Keywords: endosymbiotic gene transfer, chloroplast, mitochondrion, double-strand break repair, open chromatin
Introduction
Endosymbiont DNAs have constantly bombarded the nucleus since the appearance of eukaryotes, and it is usual for nuclear genomes to contain multiple chromosomal integrants derived from cytoplasmic organellar genomes (Timmis et al. 2004). This process of DNA escape and integration has resulted in massive functional relocation to the nucleus of genes that once belonged to the prokaryotic ancestors of mitochondria and chloroplasts. Simple DNA transposition and functional gene relocation from the extant organellar genomes have both been demonstrated experimentally (Thorsness and Fox 1990; Huang et al. 2003; Stegemann et al. 2003) and found to occur at previously unexpectedly high frequencies. However, the mechanisms responsible for organellar DNA escape and incorporation into the nuclear genome have not been extensively investigated and relatively little is known about how relocated genes become functional.

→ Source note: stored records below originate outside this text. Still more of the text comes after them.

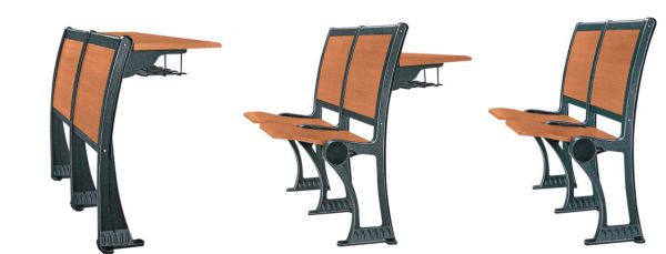 e. 内藏折叠式写字板,写字架原材料采用铝合金,写字板采用三聚氰氨板,可收藏于扶手脚内,合理利用使用空间。
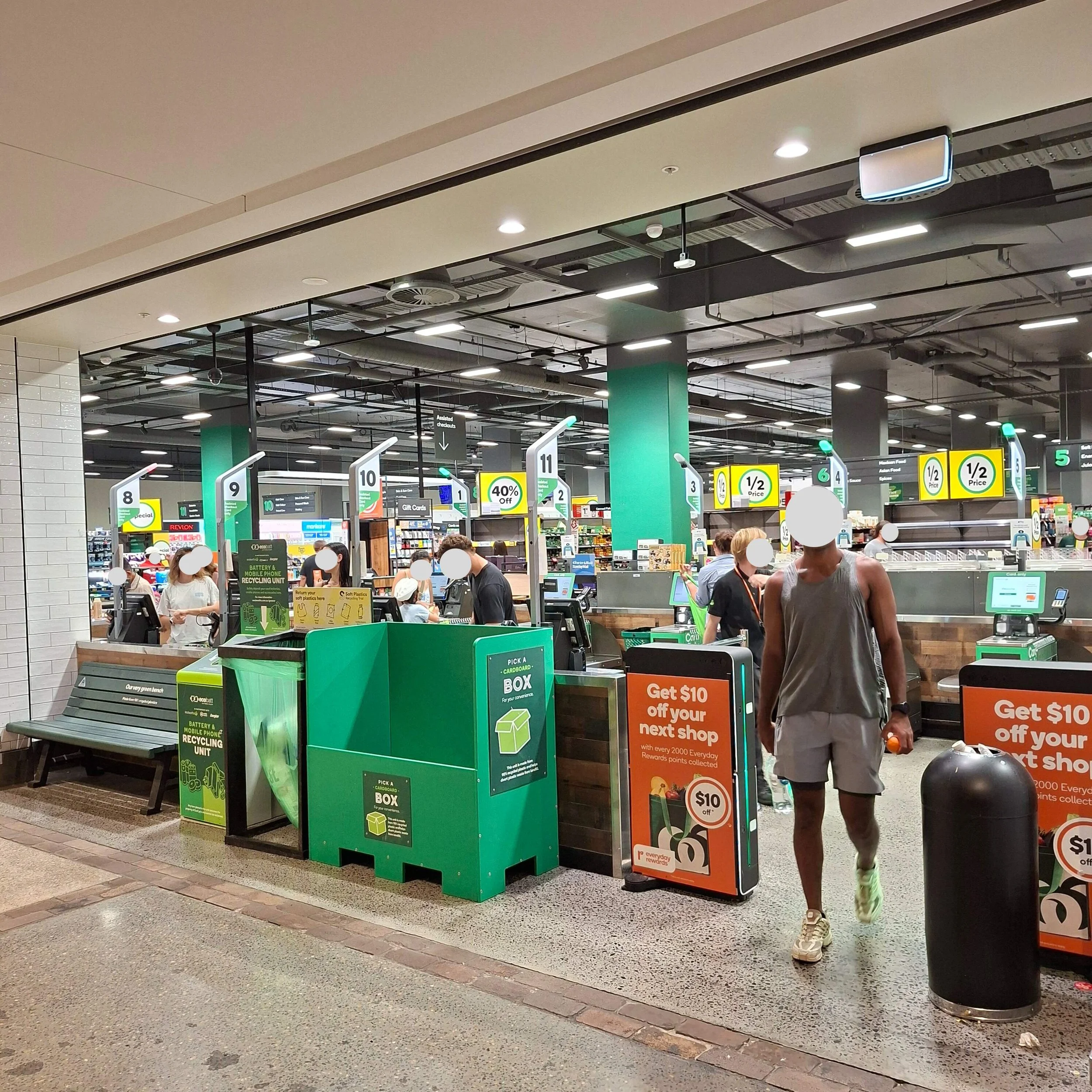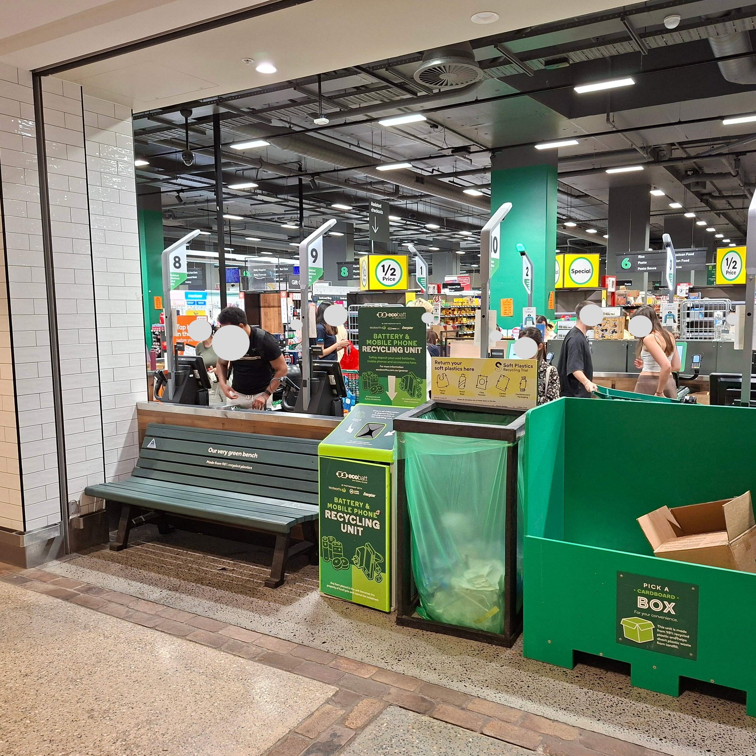 The fifth issue was visibility. The area is cluttered, and the bench is positioned between large objects like a column and recycling bins, making it hard to spot. The green Woolworths brand color is also used on many objects throughout the store, which causes the bench to blend into the background.
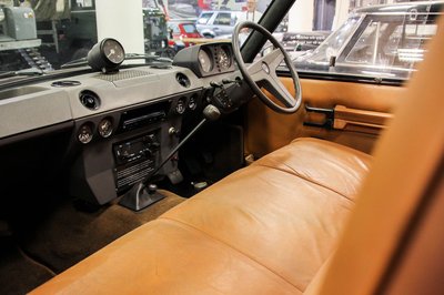 Ez az 58-ban épült Series II. 13 000 mérföldet tett meg. A Series III-ra emlékeztető grill ne tévesszen meg senki, csak elegánsabbra szerették volna. A kék fények hagyományosan a Royal Flotta autóinak részei
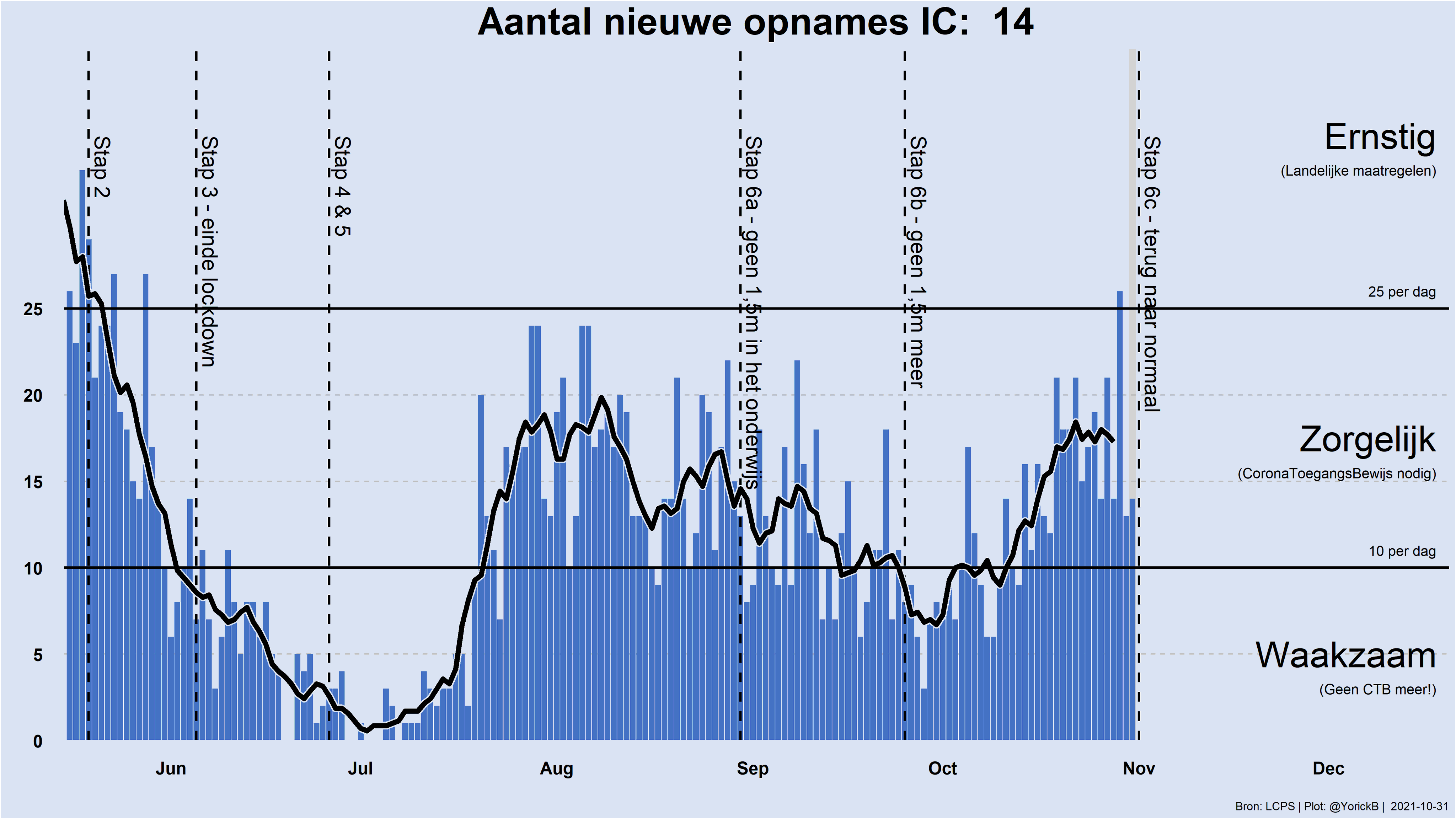 Hmm ja zou kunnen toch? Het vaccin is de remmer waardoor men wel even opgenomen wordt, maar vervolgens thuis weer uit kan zieken en niet door moet rchting IC. Het is en versoepelingen en seizoenseffect en misschien een langzaam afnemende bescherming bij gevaccineerden en grote groep ongevaccineerden. Dat alles tesamen..quote:Op maandag 1 november 2021 13:42 schreef DireStraits7 het volgende:
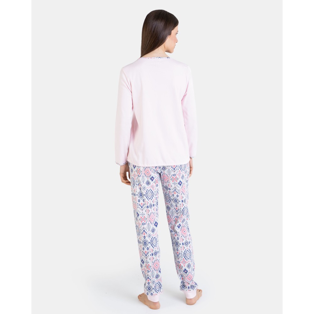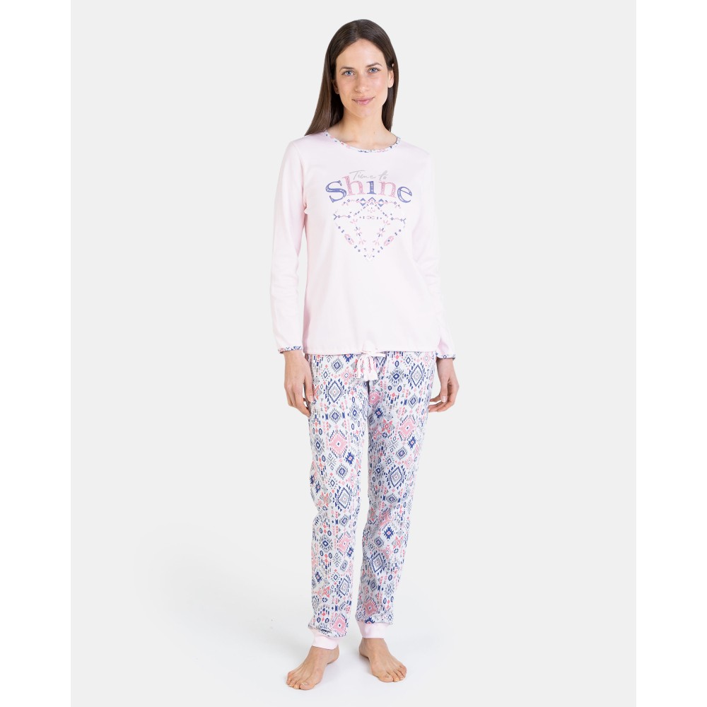 Жіноча піжама збрюками Massana P731207 з високоякісної бавовни. Комплект складається зджемпера з довгими рукавами, горловина та краї рукавів декоровані кольоровимкантом. Штани прямого крою з геометричним малюнком.Склад: 100%бавовна.
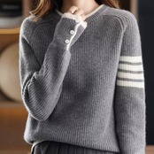 NT-0001 ライン コントラストカラー ラウンドネック ニット ルーズ レディース カジュアル トップス シンプル 可愛い 上品 お洒落
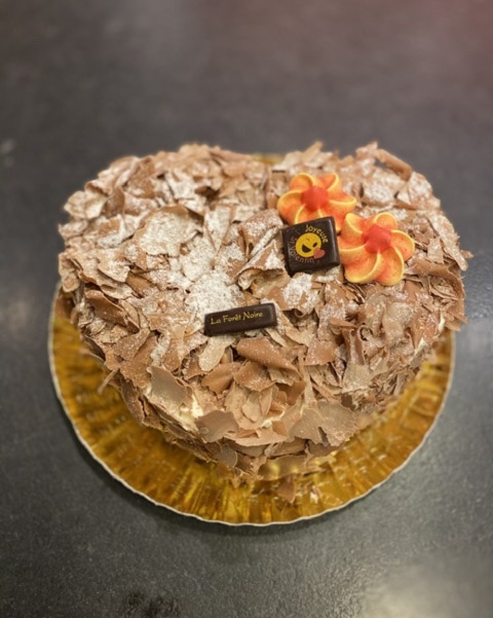 Pâte sablée aux amandes garnie d'une crème mousseline au chocolat noir, compotée de griottes, kirsch, génoise cacao, chantilly et copeaux de chocolat lait + décor St Valentin
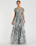 Floral embroidered evening gown with an illusion v-neckline with rhinestone accents. A floor length sweeping train completes this look.

DNA double-strand break (DSB) repair sometimes results in the integration of mitochondrial DNA into the nuclear genome in yeast (Ricchetti et al. 1999) and tobacco (Wang et al. 2012a), and chloroplast DNA incorporation is also implicated during repair of DSBs by nonhomologous end joining (NHEJ) (Lloyd and Timmis 2011). Bioinformatic analysis also suggests that NHEJ is involved in the formation of nuclear integrants of mitochondrial DNAs (numts) in primate genomes (Hazkani-Covo and Covo 2008).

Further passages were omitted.